Stored records:
• • • • • • •
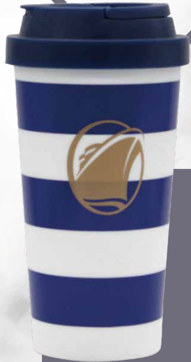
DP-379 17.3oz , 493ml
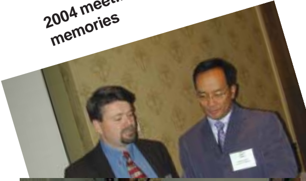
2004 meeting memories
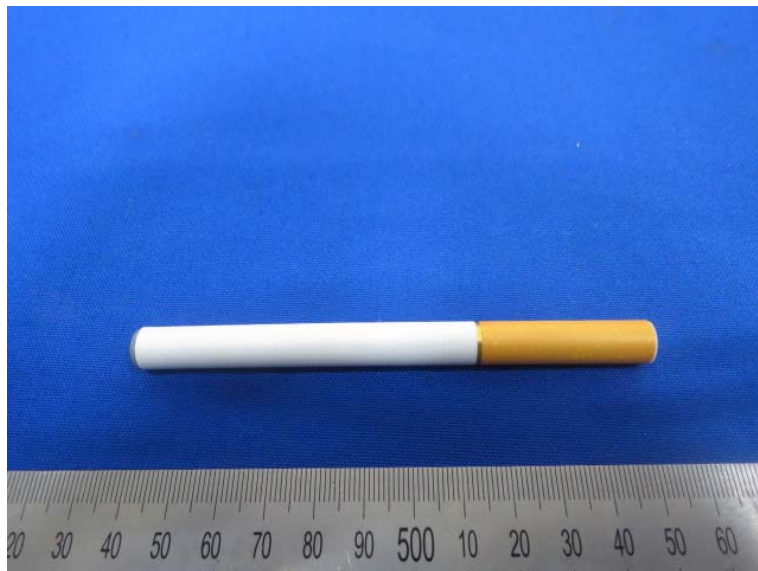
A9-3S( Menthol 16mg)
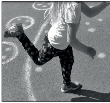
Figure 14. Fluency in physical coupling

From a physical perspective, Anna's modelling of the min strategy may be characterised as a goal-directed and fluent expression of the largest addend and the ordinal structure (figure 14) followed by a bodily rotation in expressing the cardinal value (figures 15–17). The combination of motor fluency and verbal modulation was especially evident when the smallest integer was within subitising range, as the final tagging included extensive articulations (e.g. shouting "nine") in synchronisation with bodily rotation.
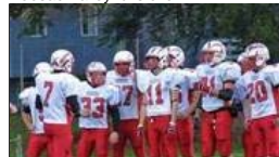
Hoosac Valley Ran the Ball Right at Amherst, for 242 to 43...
• • • • • • •
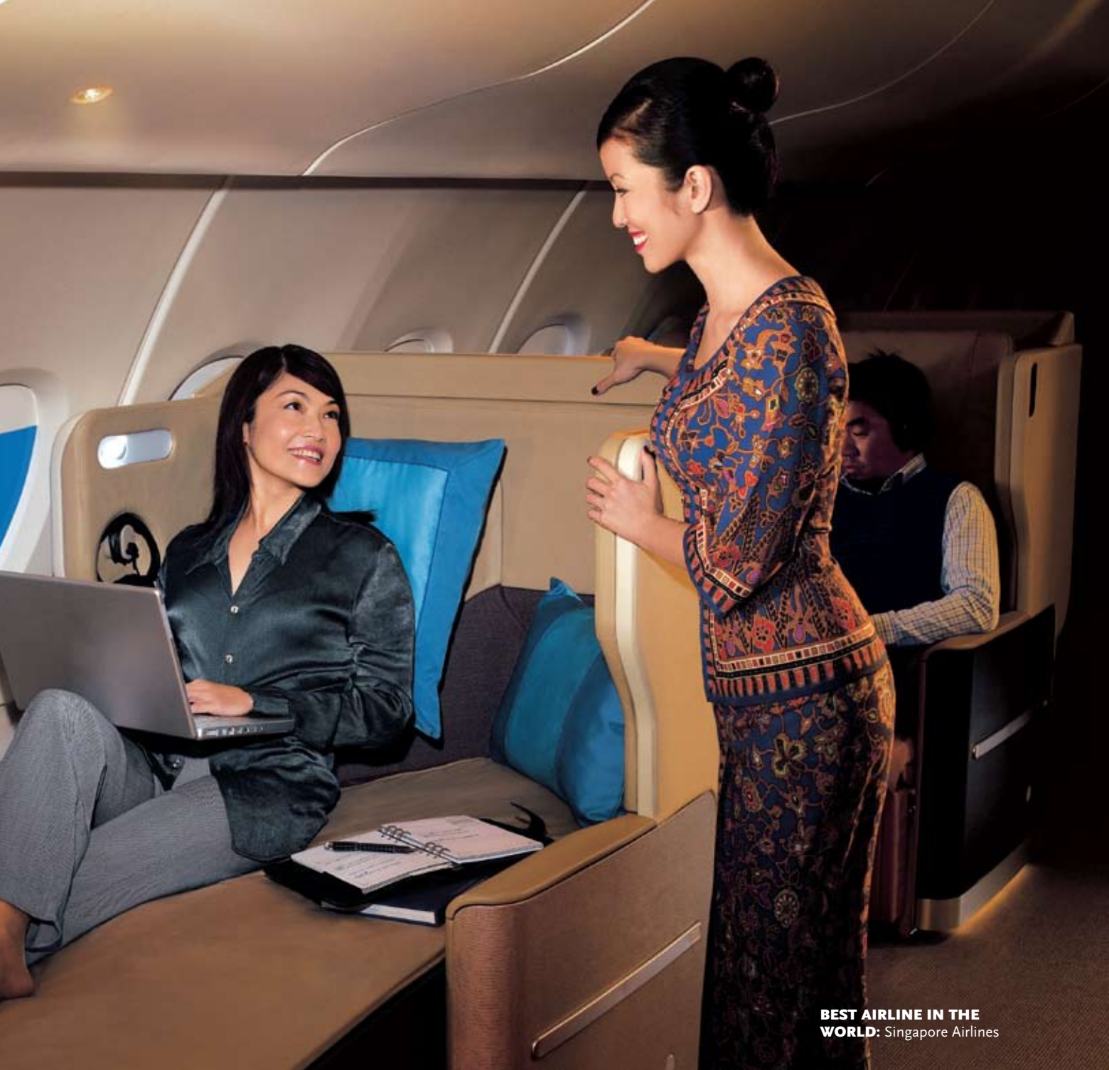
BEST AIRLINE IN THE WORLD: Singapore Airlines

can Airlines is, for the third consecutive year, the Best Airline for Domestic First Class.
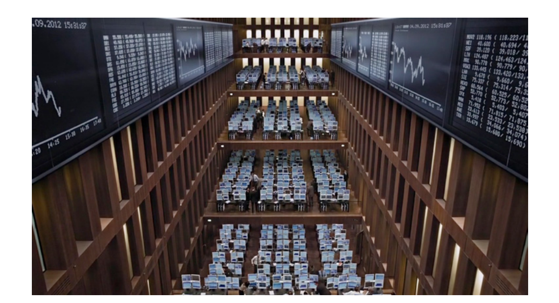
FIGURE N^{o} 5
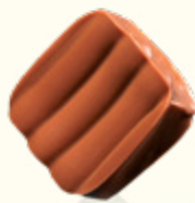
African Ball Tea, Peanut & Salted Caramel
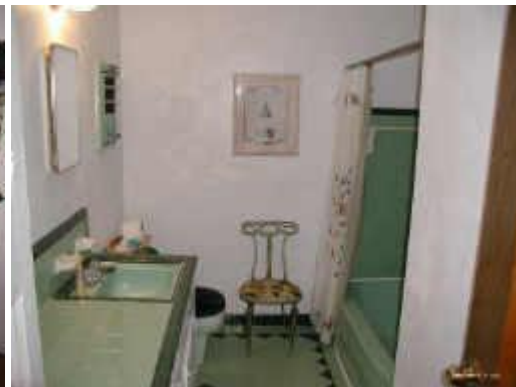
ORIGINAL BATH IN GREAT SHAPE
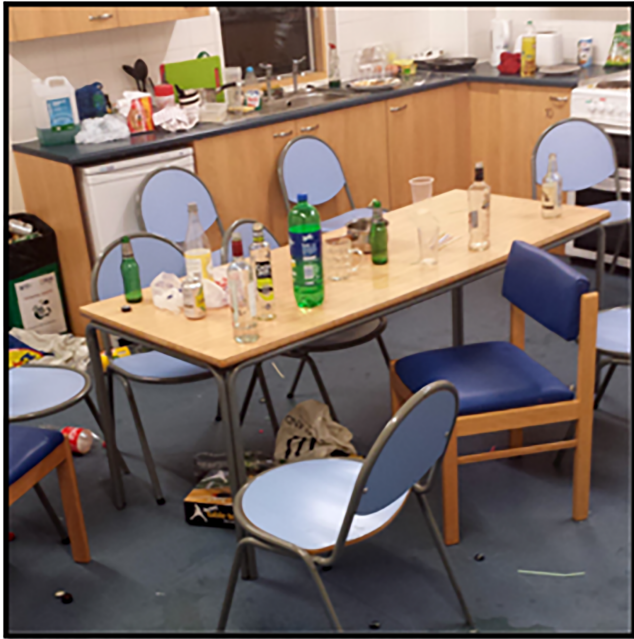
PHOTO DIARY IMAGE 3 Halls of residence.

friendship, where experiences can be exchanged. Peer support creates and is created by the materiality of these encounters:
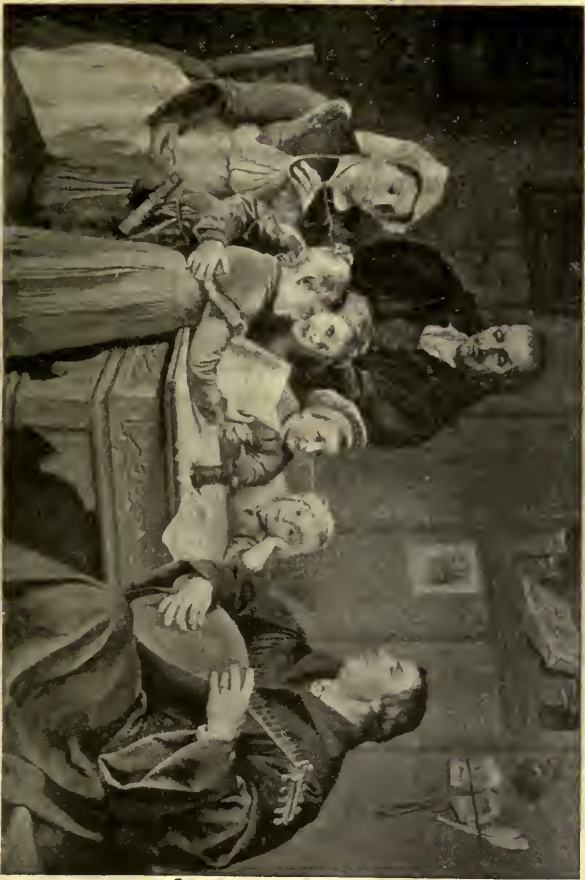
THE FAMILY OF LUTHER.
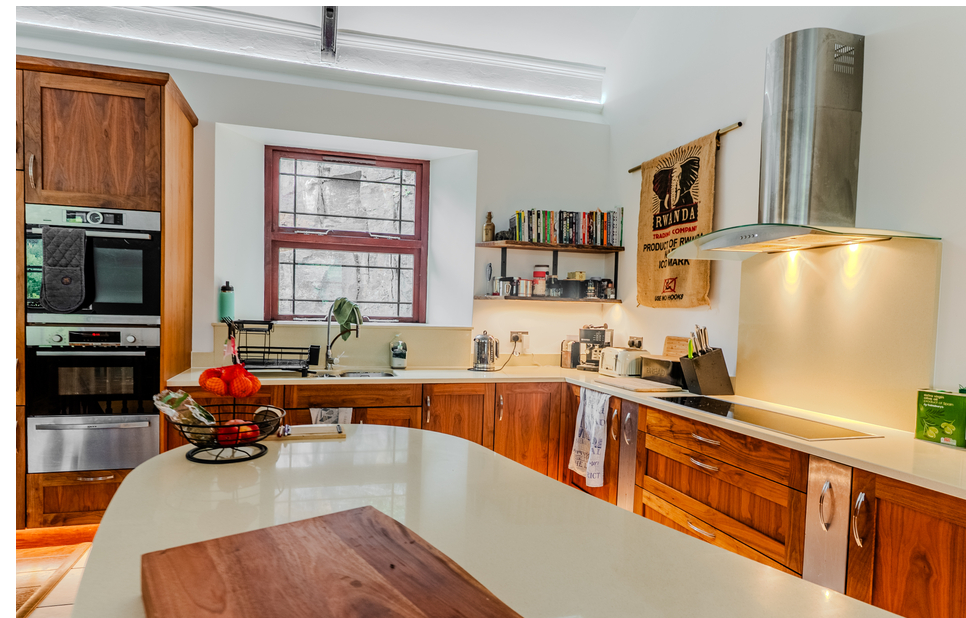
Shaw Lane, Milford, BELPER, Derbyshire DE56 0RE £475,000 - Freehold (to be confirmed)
• • • • • • •
- [INSTRUCTIONS TO FOLLOW]
Go through the entries above and pull out each line with "Ball" in it.

- [SOLVED EXERCISE]
Hoosac Valley Ran the Ball Right at Amherst, for 242 to 43...
African Ball Tea, Peanut & Salted Caramel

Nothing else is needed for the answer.